◆ Records to process

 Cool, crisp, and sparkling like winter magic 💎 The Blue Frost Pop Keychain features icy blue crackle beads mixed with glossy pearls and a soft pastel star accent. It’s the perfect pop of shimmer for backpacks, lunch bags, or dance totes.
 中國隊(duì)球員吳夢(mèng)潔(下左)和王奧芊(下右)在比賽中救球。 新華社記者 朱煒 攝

...

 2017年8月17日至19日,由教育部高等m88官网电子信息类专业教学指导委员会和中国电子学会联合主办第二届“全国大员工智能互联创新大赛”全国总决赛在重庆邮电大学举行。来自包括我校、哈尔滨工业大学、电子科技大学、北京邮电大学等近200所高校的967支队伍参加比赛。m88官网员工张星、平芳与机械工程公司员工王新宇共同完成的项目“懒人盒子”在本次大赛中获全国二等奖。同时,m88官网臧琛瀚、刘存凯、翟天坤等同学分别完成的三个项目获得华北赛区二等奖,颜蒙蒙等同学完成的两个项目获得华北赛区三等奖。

◆ Goal of the exercise
Set down, from the entries above, exactly the lines from the one with "Cool, crisp, and" up to and including the one with "中國隊(duì)球員吳夢(mèng)潔(下左)和王奧芊(下右)在比賽中救球。 新華社記者 朱煒", and no other lines.

◆ Answer to this exercise
 Cool, crisp, and sparkling like winter magic 💎 The Blue Frost Pop Keychain features icy blue crackle beads mixed with glossy pearls and a soft pastel star accent. It’s the perfect pop of shimmer for backpacks, lunch bags, or dance totes.
 中國隊(duì)球員吳夢(mèng)潔(下左)和王奧芊(下右)在比賽中救球。 新華社記者 朱煒 攝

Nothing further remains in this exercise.